**Aim of the task**
Except for the images, repeat the entries below word for word.

**Dataset entries**
────

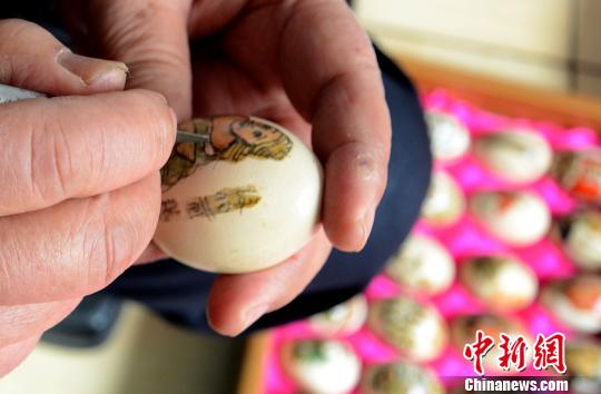 图为老人正在进行创作蛋雕。 黄梦云 摄
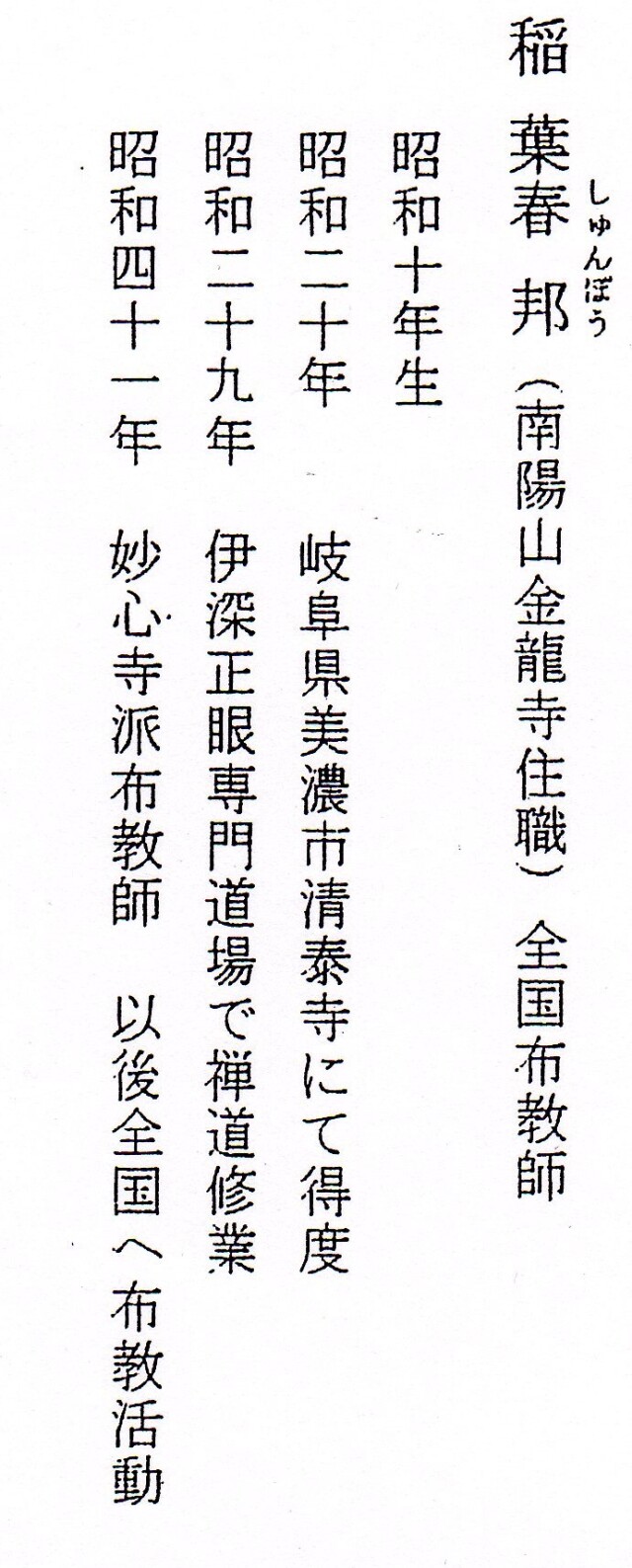 昭和41年 臨済宗妙心寺派布教師
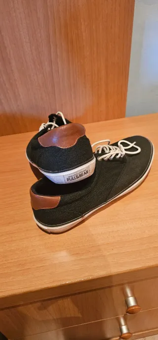 Zapatillas casuales de la marca Pull&Bear. - Exterior de tela negra. - Detalle de cuero marrón en el talón y la lengüeta. - Cordones blancos. - Suela blanca.
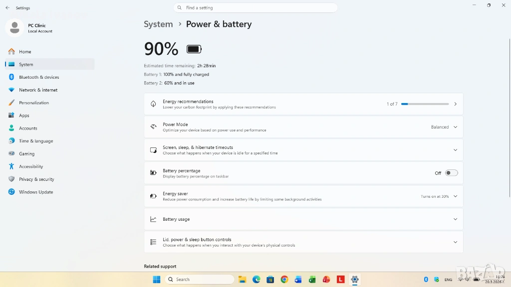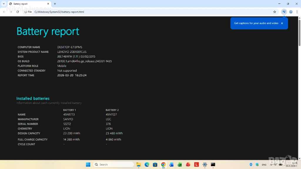 Батерии - две налични батерии, едната е 14.3Wh, другата е 4.8Wh (издържа около 4 часа според натоварването).
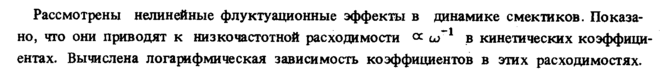 Рассмотрены нелинейные флуктуационные эффекты в динамике смектиков. Показано, что они приводят к низкочастотной расходимости <χ ω*1 в кинетических коэффициентах. Вычислена логарифмическая зависимость коэффициентов в этих расходимостях.
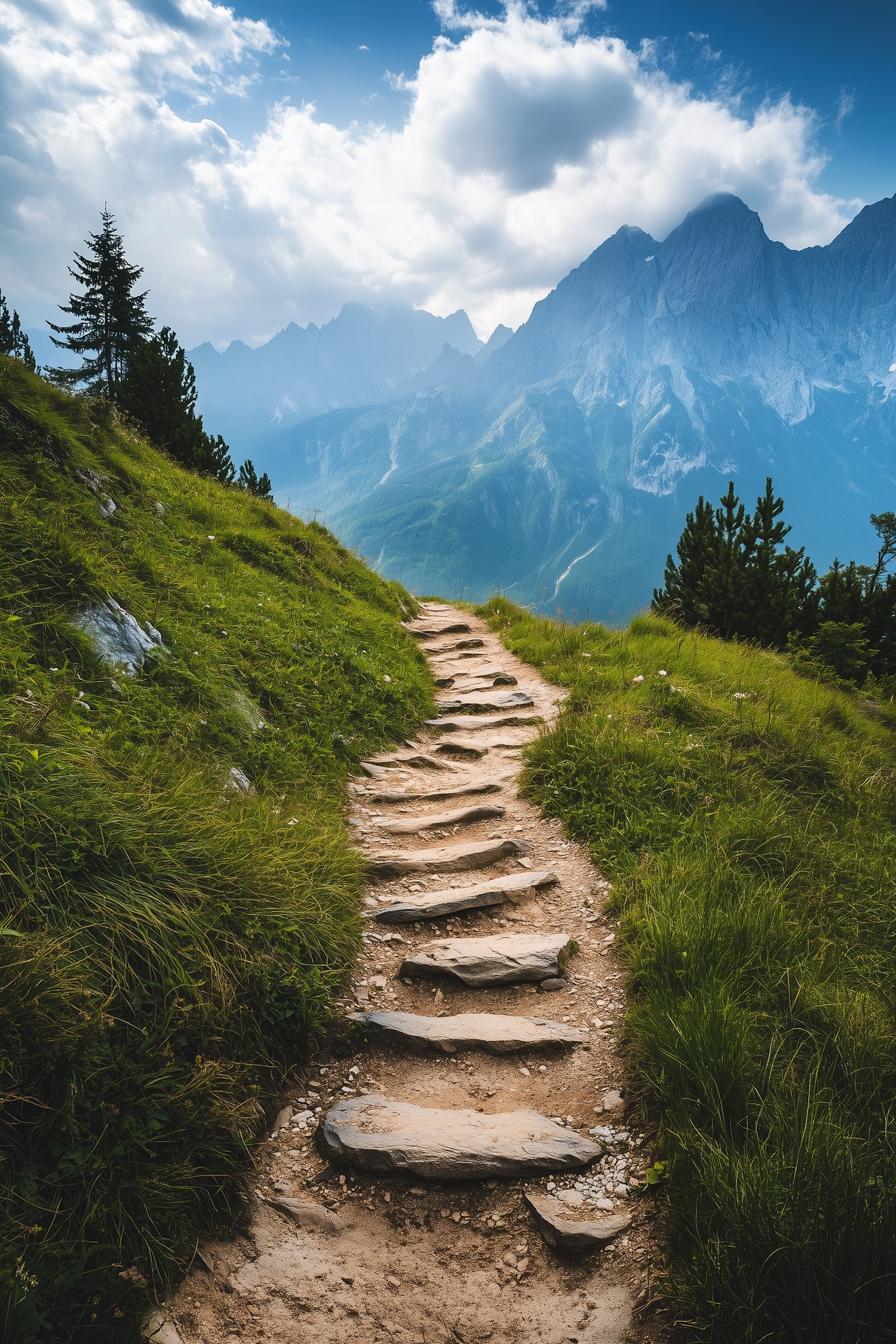 Scenic mountain path with stone steps, lush greenery, and majestic peaks under a cloudy sky, perfect for nature lovers and adventurers.

────

**Response area**
 图为老人正在进行创作蛋雕。 黄梦云 摄
 昭和41年 臨済宗妙心寺派布教師
 Zapatillas casuales de la marca Pull&Bear. - Exterior de tela negra. - Detalle de cuero marrón en el talón y la lengüeta. - Cordones blancos. - Suela blanca.
 Батерии - две налични батерии, едната е 14.3Wh, другата е 4.8Wh (издържа около 4 часа според натоварването).
 Рассмотрены нелинейные флуктуационные эффекты в динамике смектиков. Показано, что они приводят к низкочастотной расходимости <χ ω*1 в кинетических коэффициентах. Вычислена логарифмическая зависимость коэффициентов в этих расходимостях.
 Scenic mountain path with stone steps, lush greenery, and majestic peaks under a cloudy sky, perfect for nature lovers and adventurers.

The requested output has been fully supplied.